== DATASET EXCERPT ==
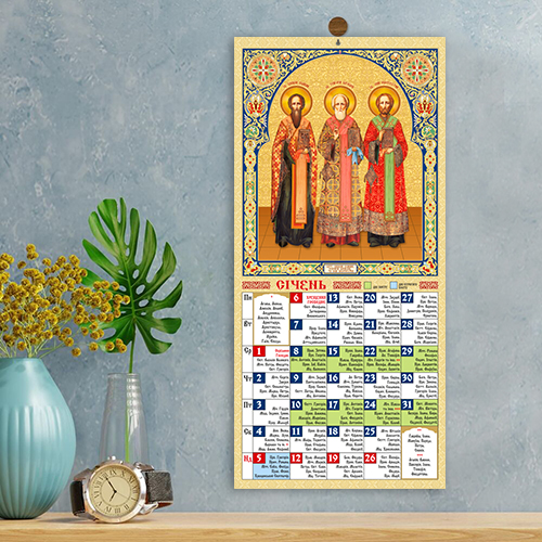Позначено православні свята, дні постів, іменини. Дні строгого і звичайного постів, виділені різним кольором.
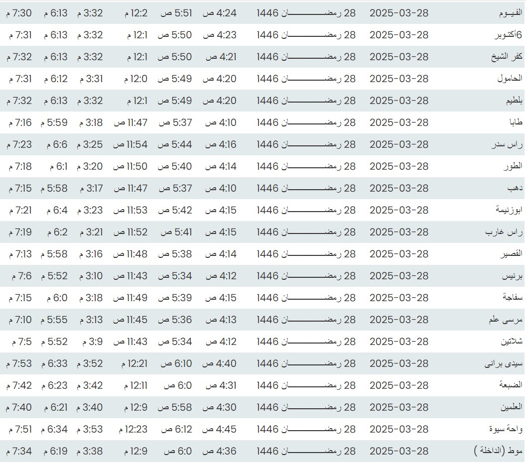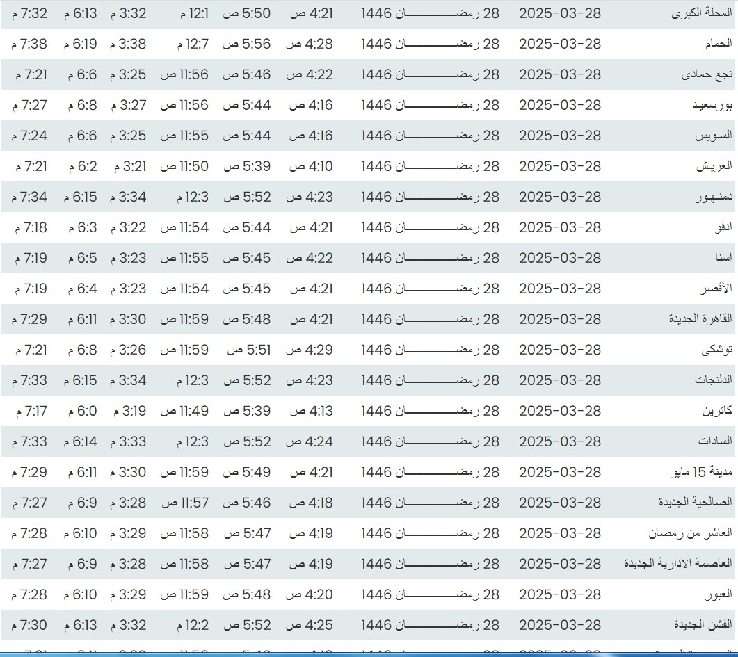 مواقيت الصلاة اليوم الجمعة 28 - 3- 2025 في القاهرة والمحافظات
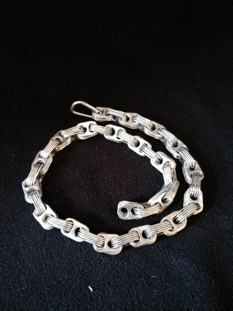 I mad this chain from 200 soda can tabs. it is super light weight so i wear it everywhere.
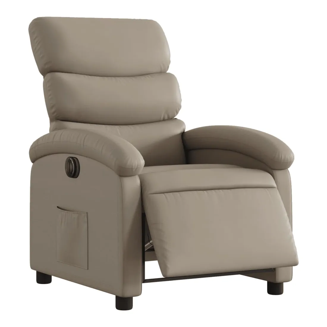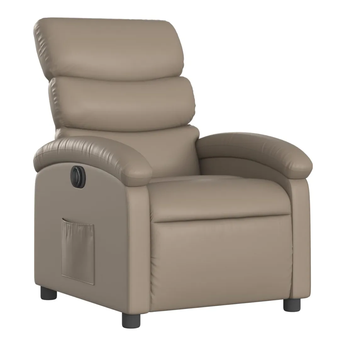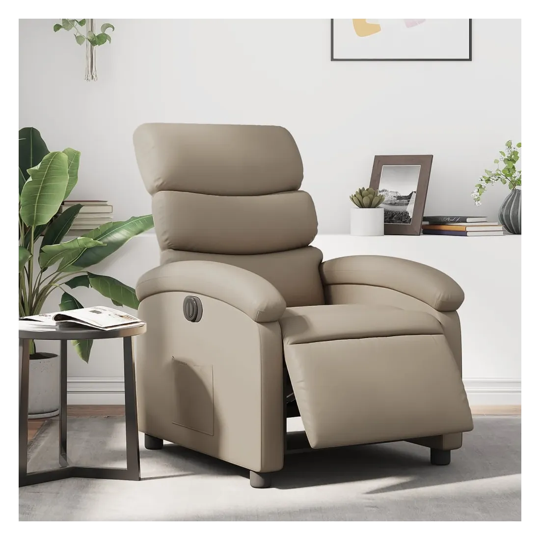 Asseyez-vous et détendez-vous dans ce fauteuil inclinable électrique très confortable ! Fonction d'inclinaison électrique : ce fauteuil inclinable est équipé d'un moteur électrique qui permet de régler automatiquement le repose-pied et le dossier dans n'importe quelle position, selon votre confort, en appuyant simplement sur le bouton situé sur le côté du fauteuil. Cette fonction permet une inclinaison maximale de 135 degrés. En outre, le dossier peut revenir automatiquement à sa position d'origine par une simple pression sur le bouton.Expérience de siège confortable : le siège, le dossier et les larges accoudoirs rembourrés épais recouverts de similicuir procurent une sensation confortable, vous faisant vous sentir enlacé lorsque vous êtes assis. Le similicuir est un matériau très résistant. Il est résistant aux taches, ce qui le rend facile à nettoyer avec un chiffon humide. La surface lisse donne également un aspect luxueux et la beauté du cuir véritable.Poche latérale pratique : ce fauteuil est doté d'une poche latérale pour vous permettre de garder vos objets essentiels à portée de main.Cadre solide et stable : le cadre en bois et en métal offre une structure solide et une grande stabilité. Ce fauteuil inclinable est confortable et durable.

== ASSIGNMENT ==
A word-for-word reproduction is needed of the lines above from the line containing "مواقيت الصلاة اليوم" through the line containing "I mad this chain", with both ends kept and no pictures.

== RESULT FOR THIS EXERCISE ==
 مواقيت الصلاة اليوم الجمعة 28 - 3- 2025 في القاهرة والمحافظات
 I mad this chain from 200 soda can tabs. it is super light weight so i wear it everywhere.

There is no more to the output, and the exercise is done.